Russia’s Ministry of Finance has reportedly proposed a set of amendments to the law “On Digital Financial Assets,” or DFA, which bans many operations with crypto.
According to local news agency Izvestia, the proposed amendments envision a “blanket ban on any operations with virtual money for individuals and individual entrepreneurs” except for three scenarios. The ministry reportedly wants to ban all crypto transactions except the obtaining of assets through inheritance, bankruptcy and enforcement proceedings.

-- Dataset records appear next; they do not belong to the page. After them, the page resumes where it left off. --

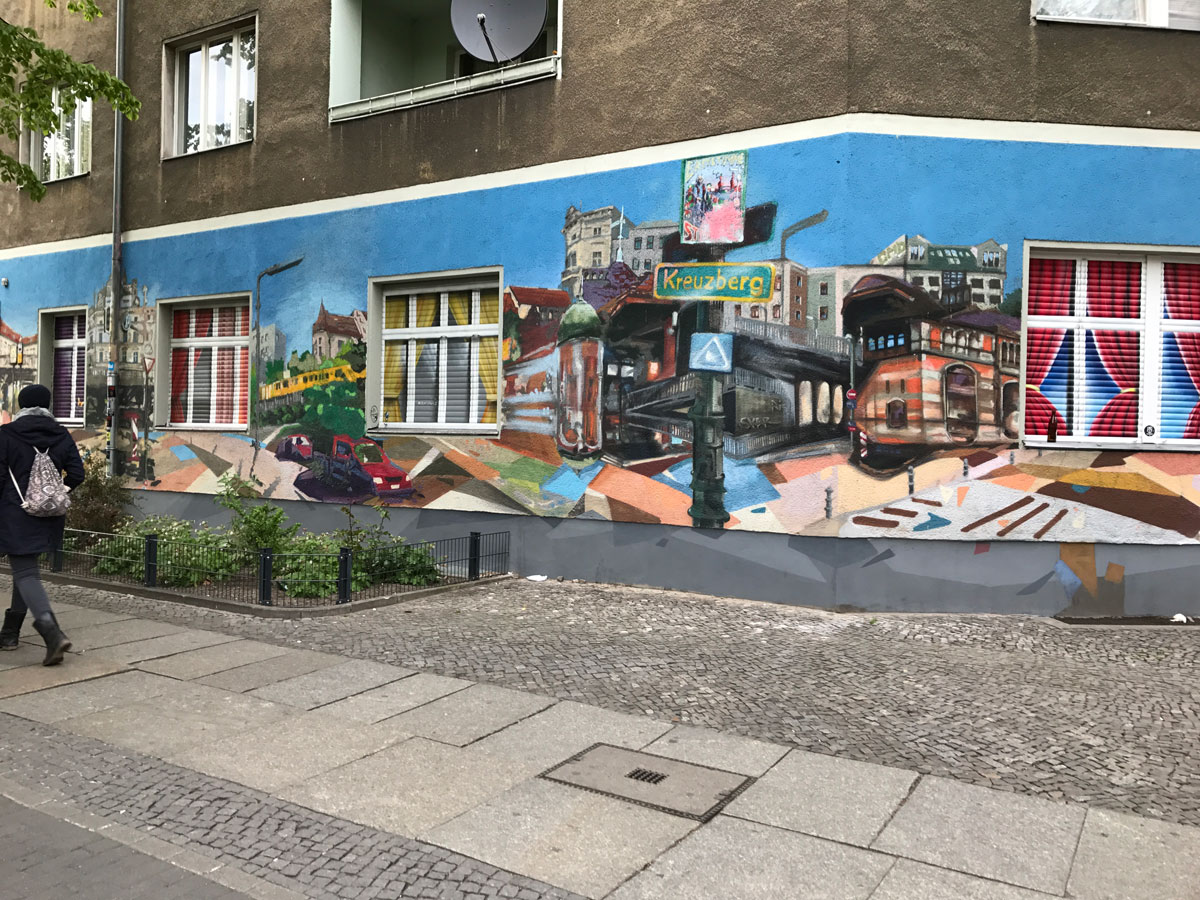 Vanwege de grote drukte in dit deel van Berlijn stoppen S- en U-Bahn bij bepaalde stations niet. De normale bussen rijden natuurlijk helemaal niet omdat een flink aantal straten zijn afgesloten. Daarom ben ik aan het eind van de middag dan ook weer richting de wijk Kreuzberg teruggelopen. In de wijk is veel graffiti aanwezig. Hieronder is zo'n tekening te zien, maar er is ook gewoon heel veel graffiti te zien, die er vooral vies en vuil uitziet.
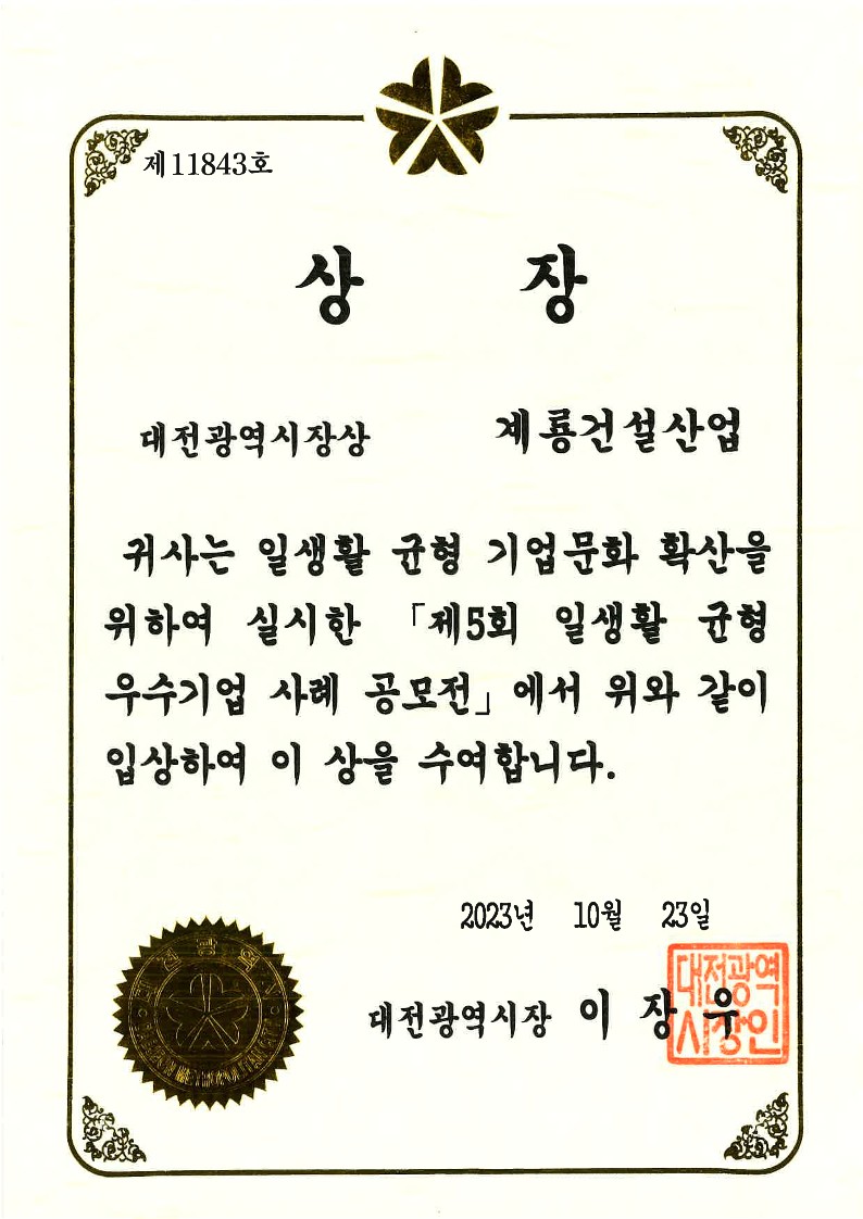 | 2023년 11월 | 대전광역시 | 일생활균형 우수기업 |
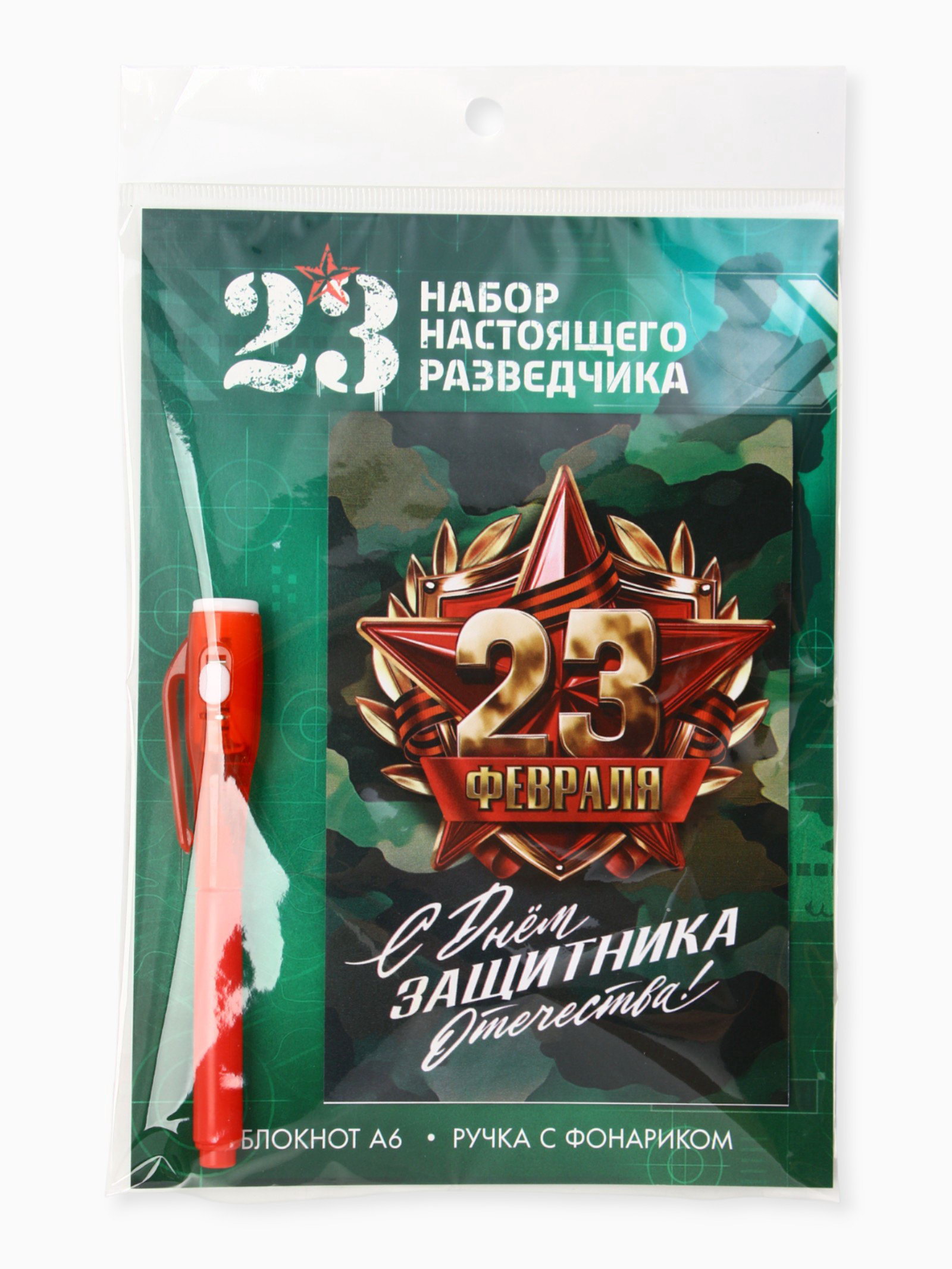 Подарочный набор "Разведчику", ручка с фонариком и невидимыми чернилами, блокнот А6, 16 л, ArtFox, Россия

The amendments reportedly intend to prohibit miners from receiving payment for cryptocurrency mining. “Standalone crypto mining is legal, but it loses its financial value because the payment is usually processed in Bitcoins and Ethers,” Izvestia reports.
The latest news brings even more confusion to Russia’s current legal situation with crypto. After Russia finally passed its DFA bill in July 2020, local authorities subsequently said that the regulation will be set out in another law referred to as the bill “On Digital Currency,” or DA. While the DA bill is expected to pass in late 2020, the DFA law is scheduled to be adopted in January 2021, banning crypto-denominated payments in Russia.
In late August 2020, Russia’s telecom regulator Roskomnadzor blocked the country’s largest crypto-related website, BestChange.ru. Providing an aggregator of about 400 local crypto exchange websites, the platform was reportedly said to distribute information about buying or selling products with cryptocurrencies like Bitcoin. BestChange claims to have never provided any information about such services.